Should we panic about Rio Olympics? Get real

Updated 2:51 PM EDT, Wed May 4, 2016

Story highlights

Amy Bass: Time to panic about Rio? Snafus in preparation and political chaos make it seem so

But Olympics are rarely free of big problems, she says

Bass: The Brazilians will be the ones left to clean up the mess afterward

Editor’s Note: Amy Bass, a professor of history at the College of New Rochelle, is the author of “Not the Triumph but the Struggle: The 1968 Olympics and the Making of the Black Athlete. As the supervisor of NBC’s Olympic Research Room, she is a veteran of eight Olympics, with an Emmy win in 2012. Follow her on Twitter @bassab1. The opinions expressed in this commentary are hers.

(CNN) —  

When is it time to panic about the Olympics?

It’s true, things are not pretty in Rio de Janeiro, even as the Olympic torch arrived Tuesday in Brazil, with three months until the opening ceremony of the Games.

There’s the raw sewage in Guanabara Bay, slated for sailing events. The doubts over whether the subway line connecting the Olympic venues will be finished in time. The horror of the collapse of a recently built $12 million seaside bike path (two dead, three injured), calling into question the integrity of the other structures the city has built for the Games – for which, by the way, ticket sales are still hovering at only about 62%.

Amy Bass
Rodney Bedsole
Amy Bass

But panic? Well, the Zika virus is spreading, with some delegations debuting “Zika-proof” uniforms. The city’s notorious crime rate looms large, and Amnesty International has called attention to the death toll from police crackdowns in the favelas, or shantytowns.

All this while the country remains embroiled in economic recession, a corruption scandal and political drama, most notably impeachment proceedings against President Dilma Rousseff.

But let’s pause a moment.

It has become tradition to sound alarm bells in the months leading up to an Olympic Games. Before the last go-round, Sochi for example, cries of crisis came often: Venues built on protected lands. Swollen budgets tied to crime syndicates. Illegal dumping and contaminated water. Anti-gay legislation and hate crimes. Pussy Riot. And stray dogs, everywhere.

But good luck finding an example of a truly noble Olympics. Politics take a toll because the Olympics are never free and clear of their political moment.

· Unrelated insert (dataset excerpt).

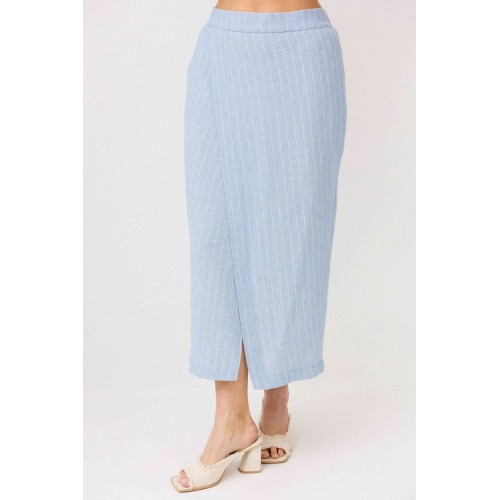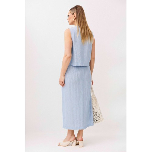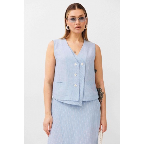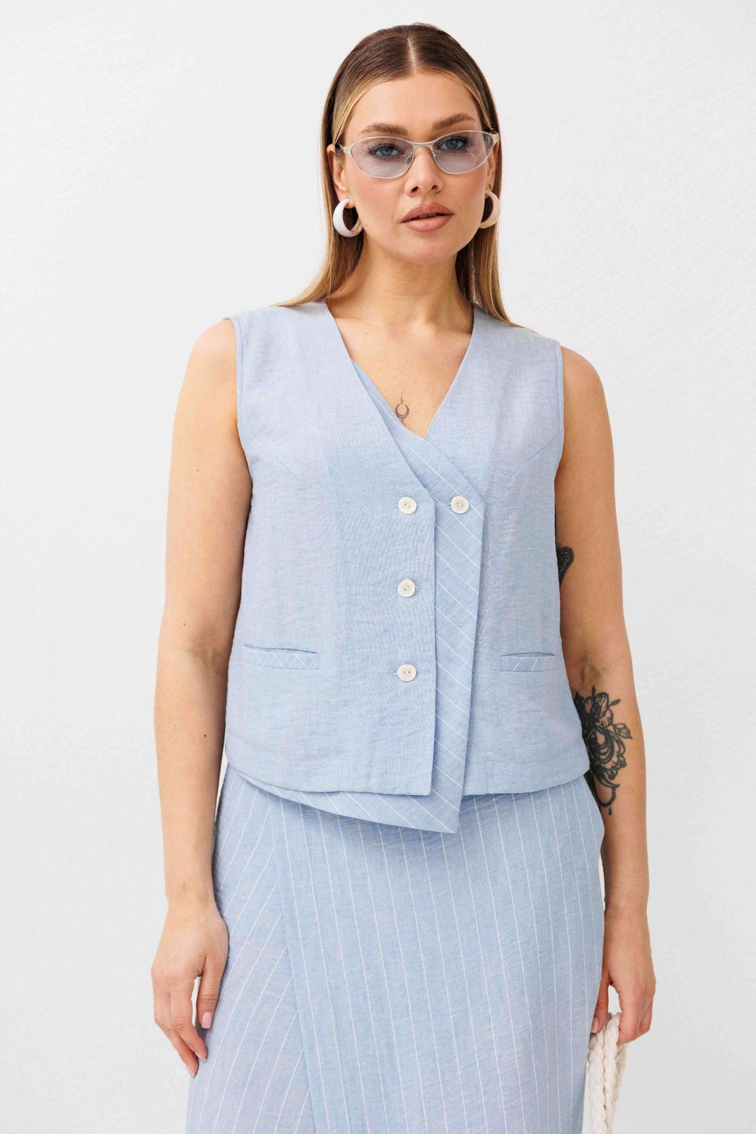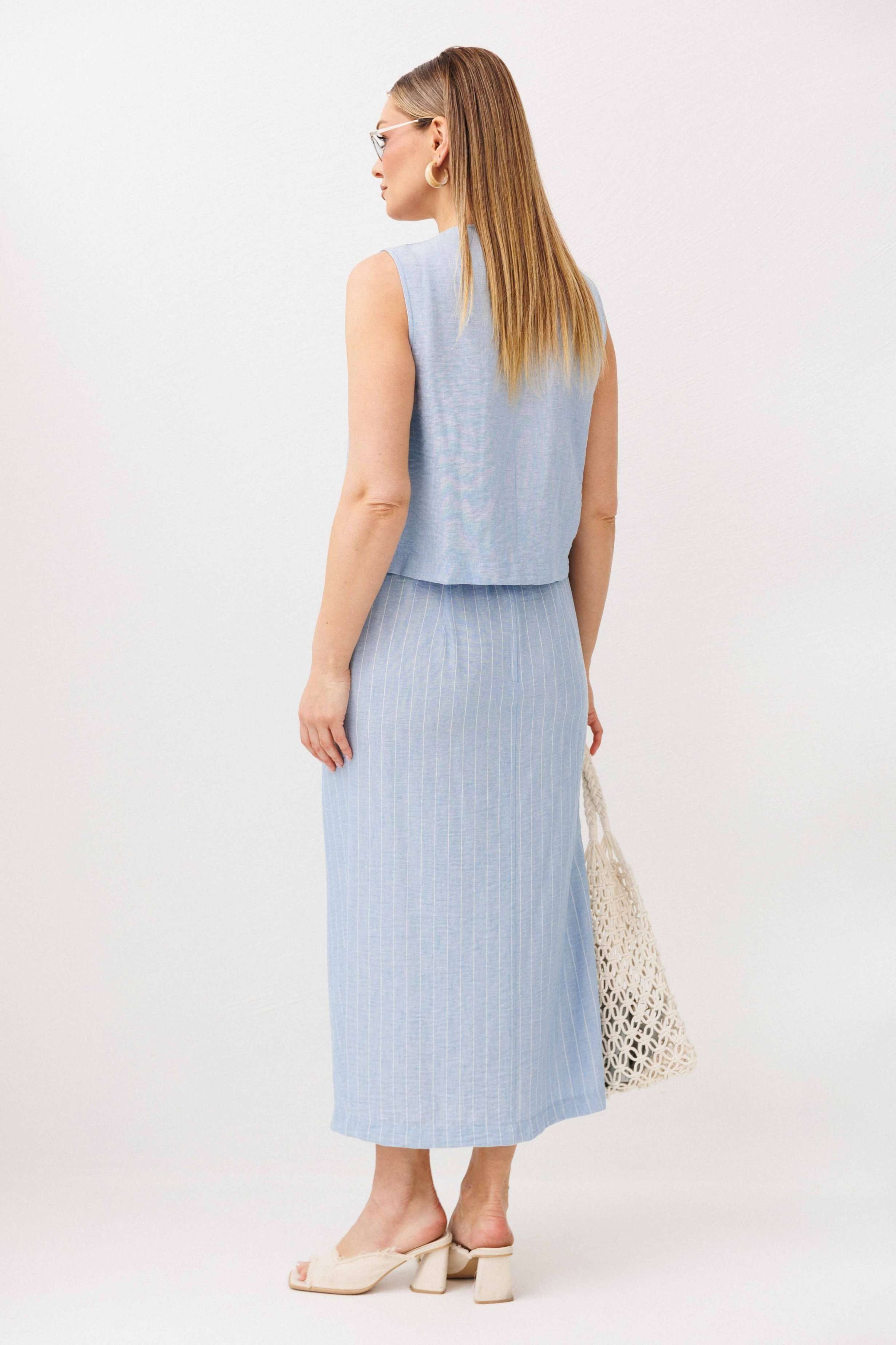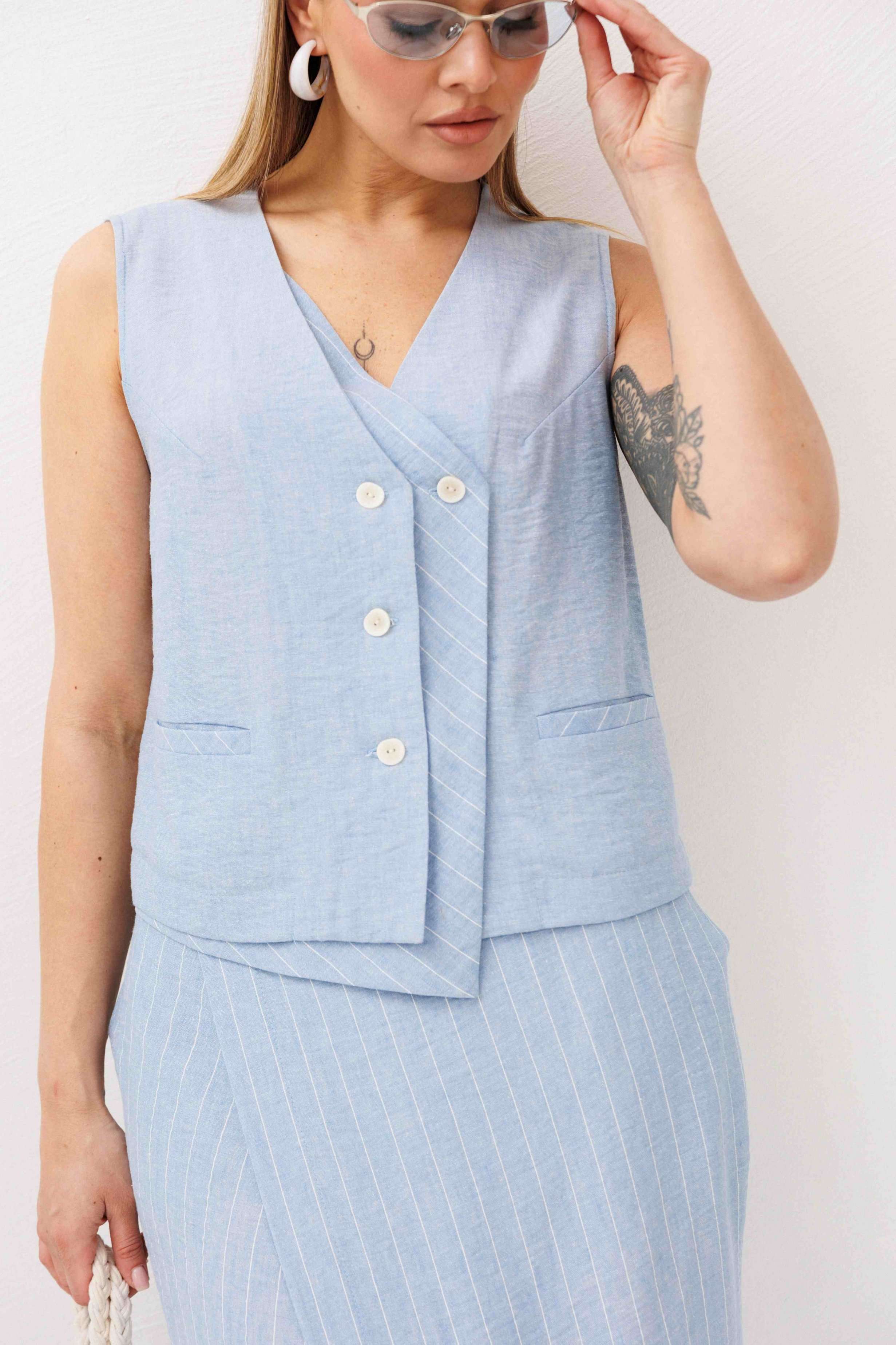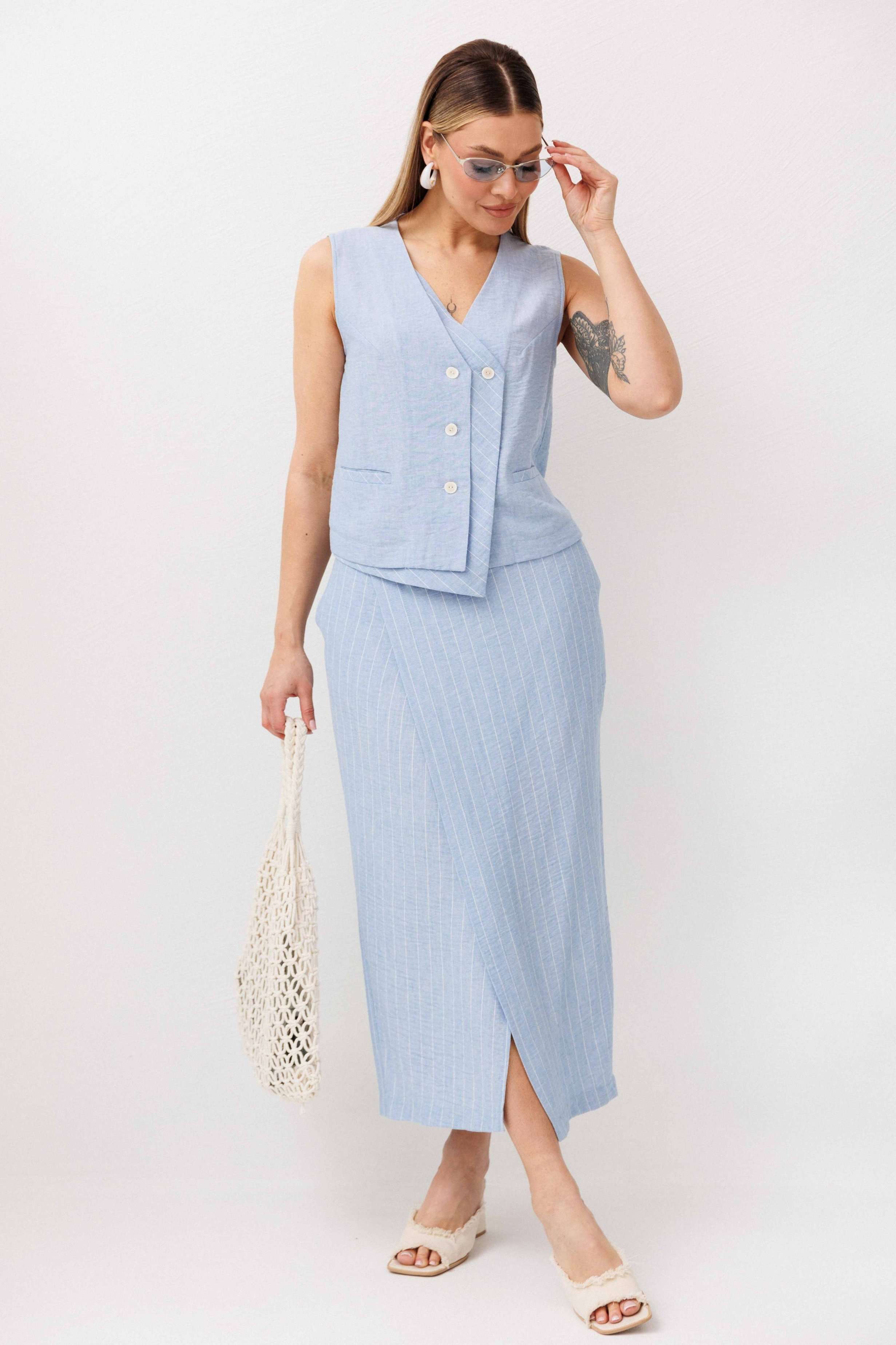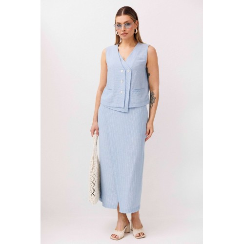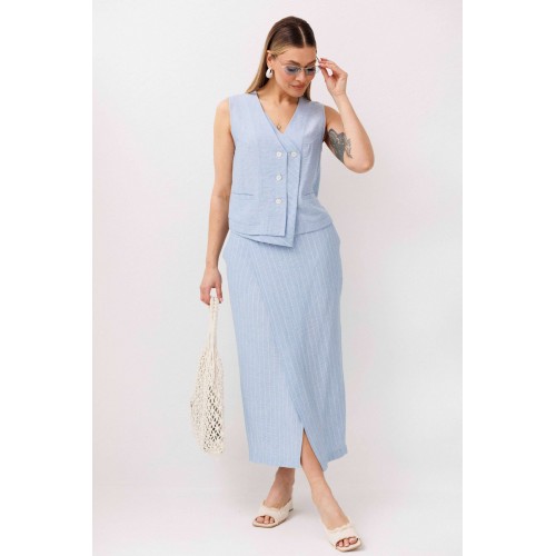 Легкий, стильный и невероятно комфортный комплект из льняного смесового полотна — идеальный выбор для теплого сезона. Он сочетает в себе натуральность, воздухопроницаемость и современный лаконичный дизайн, который легко впишется в повседневный гардероб. Жилет на пуговицах создает аккуратный, собранный силуэт, а юбка миди с запахом добавляет женственности и комфорта при движении. Мягкий голубой оттенок и деликатная вертикальная полоска делают образ свежим, женственным и визуально вытягивают фигуру. Комплект отлично подойдет для прогулок, работы, встреч и отпускных образов. Носите его вместе или по отдельности — каждый элемент легко комбинируется с базовыми вещами и помогает создавать стильные сочетания на каждый день.

Berlin, of course, stands out because, well, Hitler. In 1956, teams such as Egypt and Lebanon boycotted the Olympics in Melbourne because of the Suez Crisis, while an already rough water polo match between two political foes – it was famously dubbed “Blood in the Water” – got ugly when Soviet Valentin Prokopov punched Hungarian Ervin Zador. (The latter’s team won 4-0.)

In 1980, more than 60 national delegations, including the United States, stayed home to protest the Soviet Union’s invasion of Afghanistan, a favor the Soviets – and 14 of their closest friends – returned four years later at the Los Angeles Olympics.

But boycotts aren’t the only kinds of Olympic crisis. In Munich in 1972, after terrorists killed 11 Israeli athletes, International Olympic Committee President Avery Brundage declared, “The Games must go on”; he was trying to strike some sort of impossible balance between tragedy and sport. Montreal, which had its own share of boycotts in 1976, had to deal with decades of debt and a stadium with a balky retractable roof.

As with Sochi, human rights issues have dotted the Olympic landscape. In 1996, Atlanta had to grapple with the Confederate symbolism embedded in the Georgia state flag, while its archery venue sat on the birthplace of the modern Ku Klux Klan and featured a bas-relief sculpture of Jefferson Davis, Robert E. Lee and “Stonewall” Jackson.